(Beginning of DATA PROVIDED)

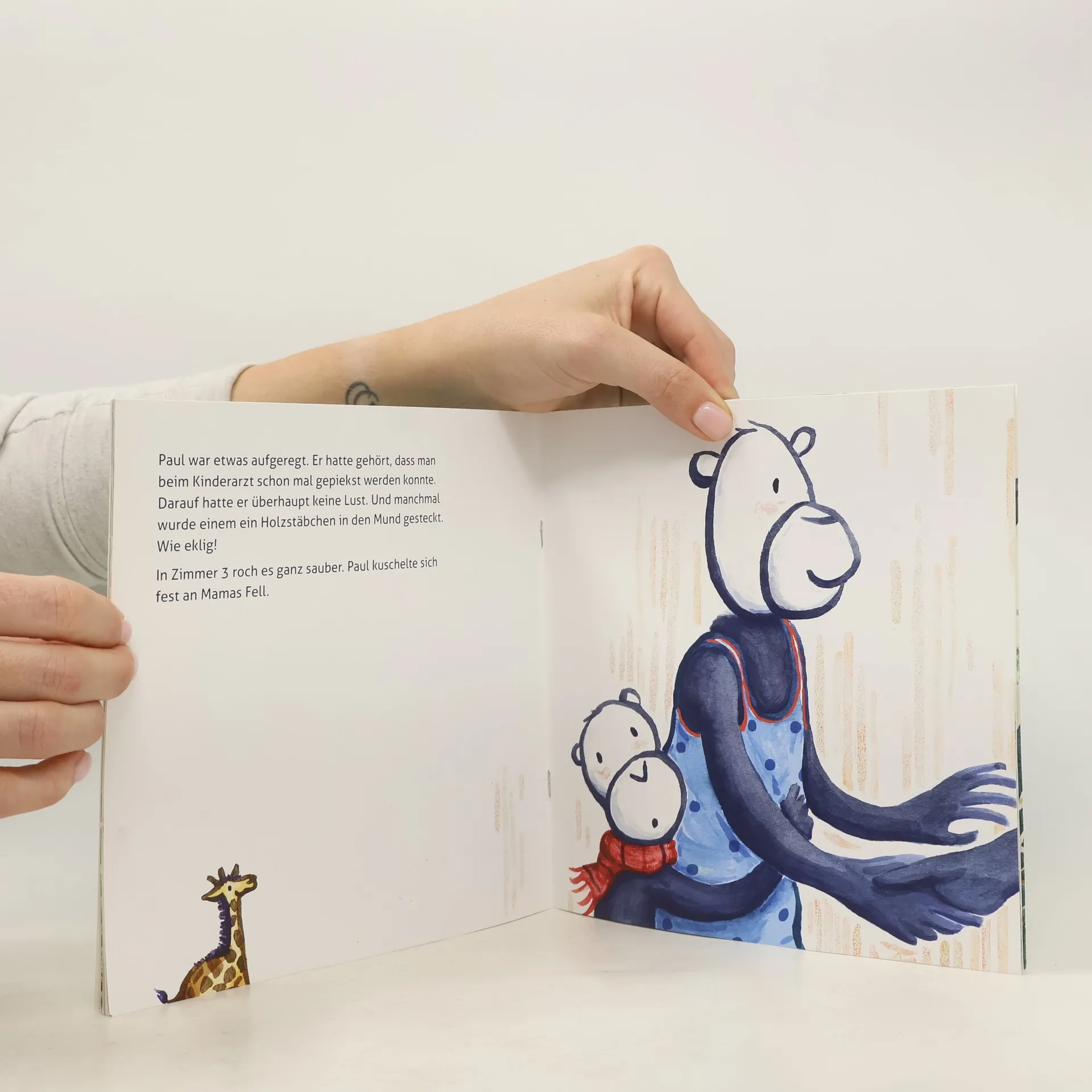 Der kleine Affenjunge Paul ist krank. Bei Dr. Silberbart merkt er, dass ein Besuch beim Kinderarzt trotzdem viel Spaß machen kann.“ In „Paul sagt AAAHHH“ können sich Leser und Vorleser mit kindgerechter Sprache in die Erlebenswelt eines etwa dreijährigen Jungen mit Halsschmerzen und Fieber versetzen. Er fühlt sich nicht wohl und hat Sorge das ihm beim Kinderarzt weh getan wird, er kommt in eine ungewohnte Umgebung. Insgesamt ein Ausnahmezustand für den kleinen Affenjungen Paul. Der Unterschied zu anderen Bücher die sich mit dem Thema Kinderarztbesuch beschäftigen besteht darin, dass sich „Paul sagt AAAHHH“ intensiver und sensibler auf die Beschreibung der wichtigen Details eines gelungenen Untersuchungsablaufes beim Kinderarzt konzentriert. Das Buch endet mit einigen Tipps für einen entspannten Kinderarztbesuch: Kinder die im Vorfeld einer Untersuchung entsprechende Handlungen wie abhören, in die Ohren und den Mund schauen, abtasten spielerisch selbst an ihrem Stofftier oder Ihren Eltern durchgeführt haben, gehen meist deutlich entspannter zum Kinderarzt. Es ist für Kinder außerdem enorm wichtig auch nach der Untersuchung das Erlebte zu verarbeiten. Hierbei kann der Affenjunge Paul mit seiner Geschichte helfen.
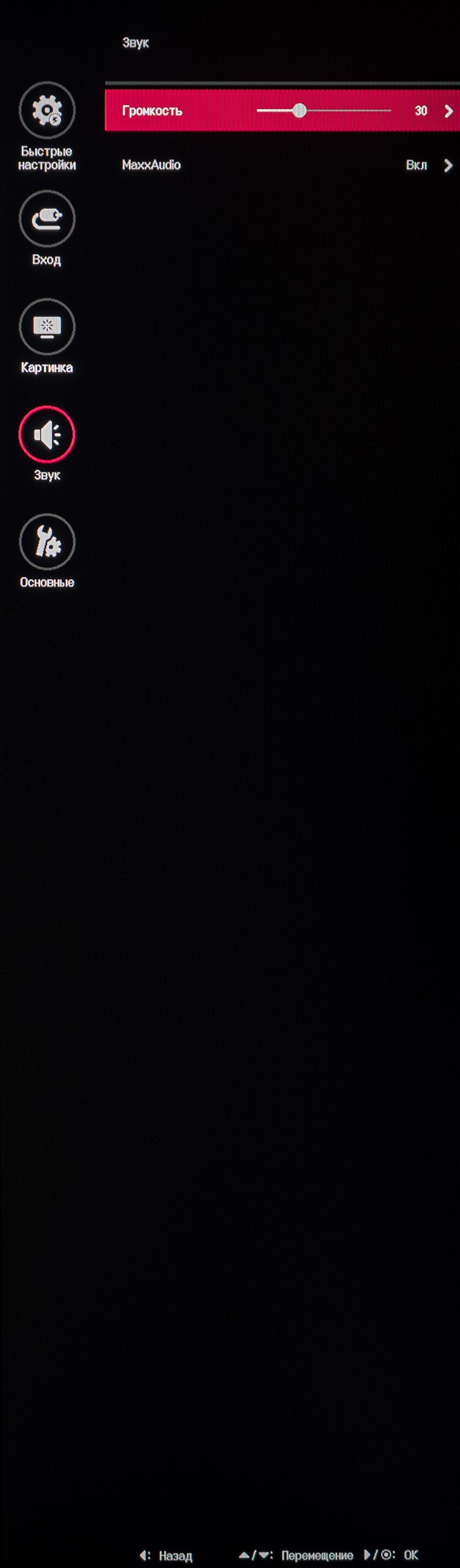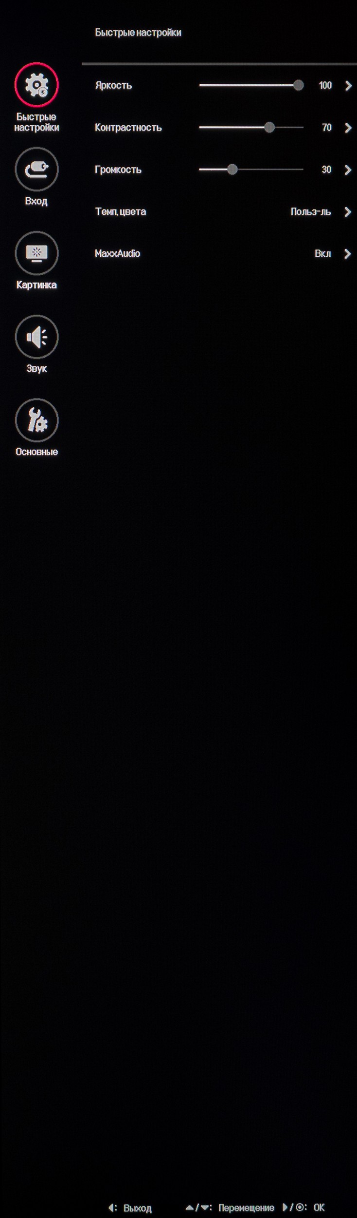 Меню монитора состоит из пяти подразделов. В первом можно регулировать яркость, контрастность, громкость подключённого внешней акустической системы, температуру цвета и быстро выключить систему улучшения звука в наушниках MaxxAudio (смысла в данном действии – 0).
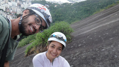 Quarta-feira fui com o Luciano (pernambucano que vai virar carioca) fazer a Italianos + Secundo, no Pão de Açúcar. Acho que já fiz essa via umas 4x mas essa foi a mais emocionante…kkkkkk Que friaca!! Estava ventando de um jeito que eu nunca vi, gelado, especialmente pra quem preferiu não levar o anoraque. Eu dava seg e quando tava começando a tremer, era hora de escalar denovo, assim fomos até o cume, em um dia muito divertido! Ah, depois disso ainda estiquei com o Felipe até a gruta do primatas, ele deu dois pegas na Orangorock e eu dei uma entrada na Religare, só pra fazer uma força, quem sabe um dia rola a cadena!
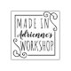 Marca tus regalos de Navidad hechos a mano con tu propio sello de goma "hecho en taller" personalizado. El diseño presenta un diseño de marco de borde decorativo con "hecho en taller" en un estilo dibujado a mano y personalizado con nombre para un aspecto realmente personalizado. Puede realizar el personalizar del tamaño del texto, la fuente y el diseño de su propia preferencia de diseño personal.
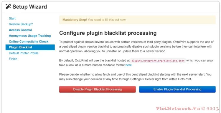 Sau đó, Trình hướng dẫn cài đặt sẽ nhắc bạn định cấu hình xử lý danh sách đen plugin. Tính năng này giúp bảo vệ khỏi các plugin có khả năng gây hại của bên thứ ba và được khuyến nghị để bảo mật.
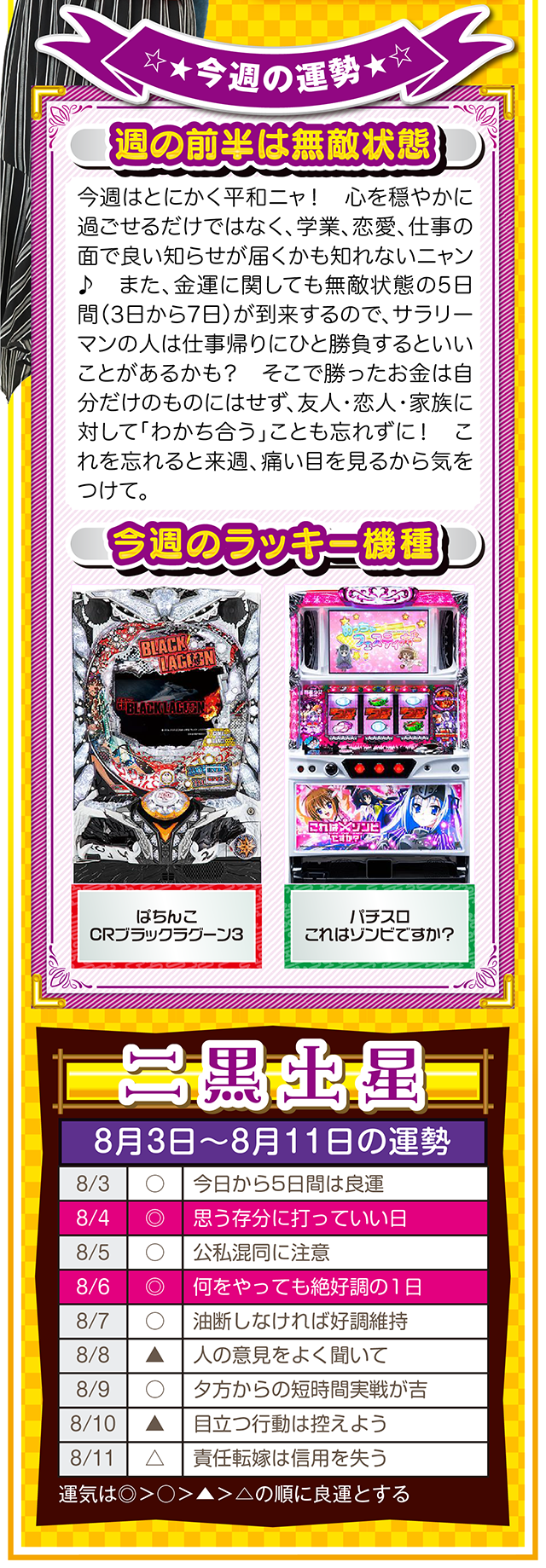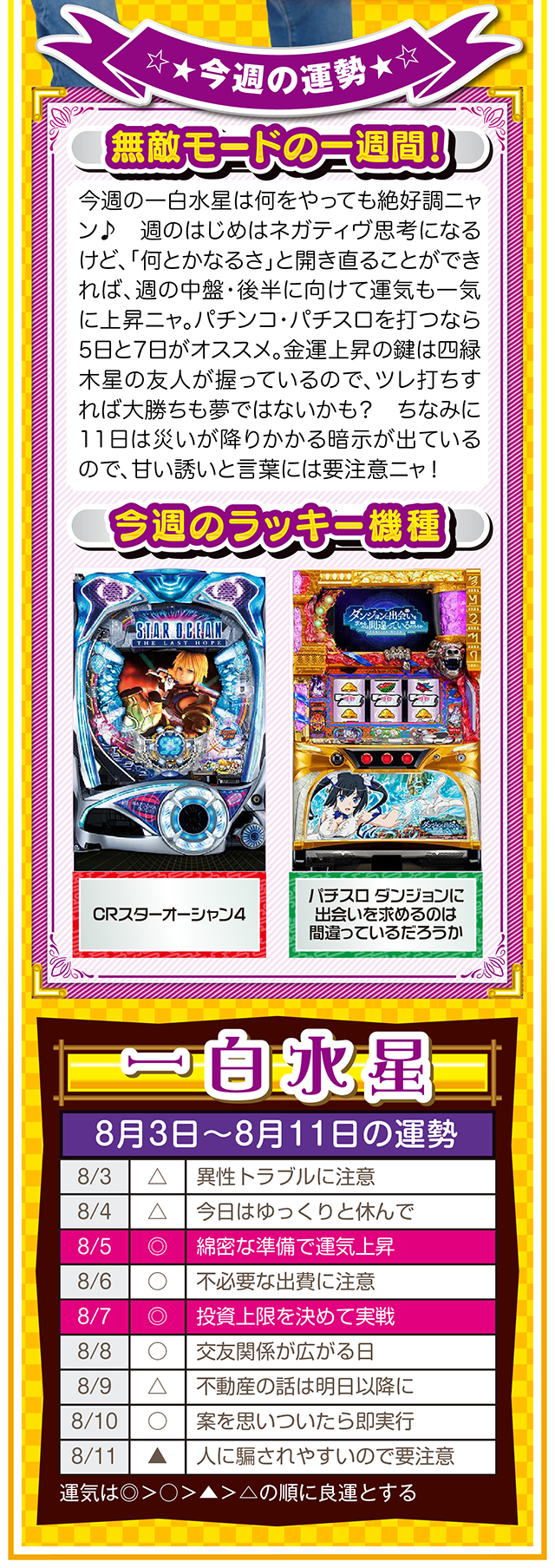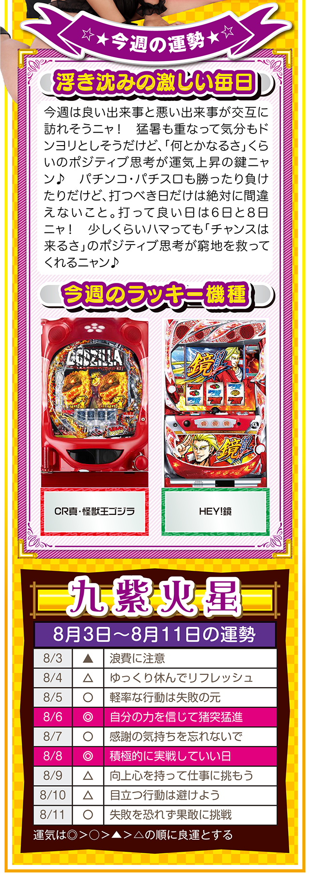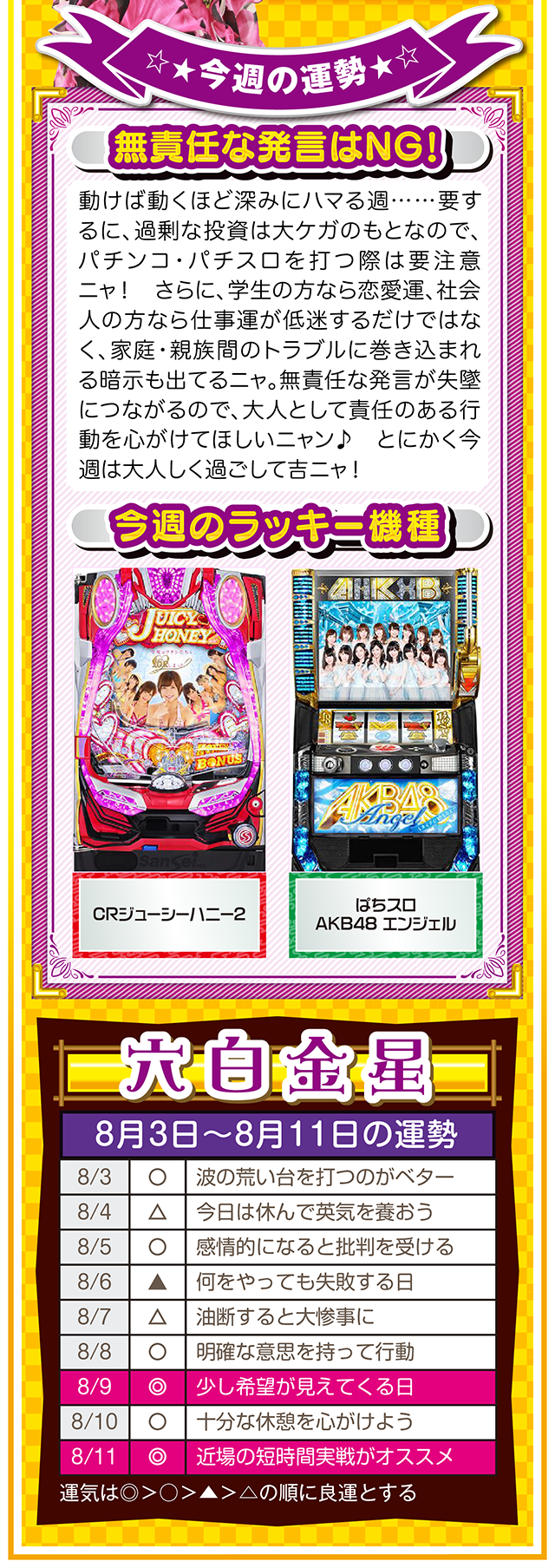 苦手なこと、短所などを克服していく「姿勢」が可能性を広げ、その可能性が「運とツキ」を呼び込む機会を増やしてくれることを覚えてほしいニャン……というわけで早速、8月5日から11日の1週間を鑑定ニャ(超苦手なセロリを口に頬張りつつ、オマケとして8月3日と4日の運勢も鑑定したニャン♡)!

(End of DATA PROVIDED)

[PROBLEM STATEMENT] Please transcribe exactly the lines from the one containing "Меню монитора состоит" through the final line of the data, including both, and nothing else. Pictures are to be left out.

[SOLUTION TO THIS TASK]
 Меню монитора состоит из пяти подразделов. В первом можно регулировать яркость, контрастность, громкость подключённого внешней акустической системы, температуру цвета и быстро выключить систему улучшения звука в наушниках MaxxAudio (смысла в данном действии – 0).
 Quarta-feira fui com o Luciano (pernambucano que vai virar carioca) fazer a Italianos + Secundo, no Pão de Açúcar. Acho que já fiz essa via umas 4x mas essa foi a mais emocionante…kkkkkk Que friaca!! Estava ventando de um jeito que eu nunca vi, gelado, especialmente pra quem preferiu não levar o anoraque. Eu dava seg e quando tava começando a tremer, era hora de escalar denovo, assim fomos até o cume, em um dia muito divertido! Ah, depois disso ainda estiquei com o Felipe até a gruta do primatas, ele deu dois pegas na Orangorock e eu dei uma entrada na Religare, só pra fazer uma força, quem sabe um dia rola a cadena!
 Marca tus regalos de Navidad hechos a mano con tu propio sello de goma "hecho en taller" personalizado. El diseño presenta un diseño de marco de borde decorativo con "hecho en taller" en un estilo dibujado a mano y personalizado con nombre para un aspecto realmente personalizado. Puede realizar el personalizar del tamaño del texto, la fuente y el diseño de su propia preferencia de diseño personal.
 Sau đó, Trình hướng dẫn cài đặt sẽ nhắc bạn định cấu hình xử lý danh sách đen plugin. Tính năng này giúp bảo vệ khỏi các plugin có khả năng gây hại của bên thứ ba và được khuyến nghị để bảo mật.
 苦手なこと、短所などを克服していく「姿勢」が可能性を広げ、その可能性が「運とツキ」を呼び込む機会を増やしてくれることを覚えてほしいニャン……というわけで早速、8月5日から11日の1週間を鑑定ニャ(超苦手なセロリを口に頬張りつつ、オマケとして8月3日と4日の運勢も鑑定したニャン♡)!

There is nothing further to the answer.